In 1984 he received the Joseph Priestley award.
==Early life and education==
Alyea was born in Clifton, New Jersey, on October 10, 1903. He entered Princeton at age 15, but at 19 he contracted polio and spent a year in bed, a time that he reportedly described as “a time of great inner reflection” during which “he emerged with a strong commitment to accomplish something with his life that would contribute to the good of humanity.” After his return to Princeton to complete his undergraduate education, he took chemistry courses, but also many English courses. During these years he also played the cello for the Triangle Club and became a member of Phi Beta Kappa.
After he earned an A.B. in chemistry from Princeton “with highest honors” in 1925, he spent a year at the Nobel Institute in Stockholm, where he was an American-Scandinavian Fellow of the General Electric Company, studying under Dr. Svante August Arrhenius. Alyea's project at the time concerned the idea of a free atom, a concept that many chemists scoffed at but that reportedly interested Arrhenius. Alyea said that Arrhenius “spread joy in the lab".
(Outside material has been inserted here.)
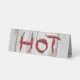 The word "HOT" spelled in hot, red cayenne chili peppers
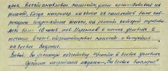 За три с лишним месяца непрерывных боевых действий днем и ночью во взаимодействии с войсками 24-й и 49-й армий полк уничтожил на аэродромах и в воздушных боях 76 самолетов, 86 танков, множество автомашин, артиллерийских орудий, железнодорожных вагонов, солдат и офицеров противника. Полк понес тяжелые потери. От истребителей и зенитного огня противника было потеряно 23 самолета и 55 человек летного состава. (allaces.ru) Но даже в этот тяжелейший период войны командиры не забывали награждать техсостав. Правда, в наградном листе не упоминали лихую атаку бензовозов, опасались недоверия высших штабников. Медаль «За боевые заслуги» Николай получил за тяжёлый труд по ремонту самолётов. Собрав весь летный состав, командир полка рассказал о положении на фронте и боевых задачах, с горечью сообщил, что 5 октября в Знаменке немецкие танки напали на штабы ВВС 24-й армии и Резервного фронта, где были уничтожены и пропали пятьдесят представлений командования 57-го бомбардировочного полка на награждение личного состава орденами и медалями.

He then returned to Princeton for graduate study, receiving an A.M. in chemistry in 1926 and serving as a Proctor Fellow at Princeton in 1927-28. He was awarded a Ph.D. in chemistry in 1928.
He then spent brief periods at the University of Minnesota, where, as a Rockefeller Foundation fellow, he studied the chemical effects of radium, and at the Kaiser-Wilhelm Institut in Berlin-Dahlem, where, as an International Research Fellow, he studied the kinetics of gas explosion. He returned to Princeton in 1930 to take up the position of instructor in chemistry. He was promoted to assistant professor in 1934, associate professor in 1944, and full professor in 1954. He retired in 1972, whereafter he bore the title of Professor Emeritus.
Among his many research interests were chemical kinetics, chain reactions, and the mechanism of inhibition.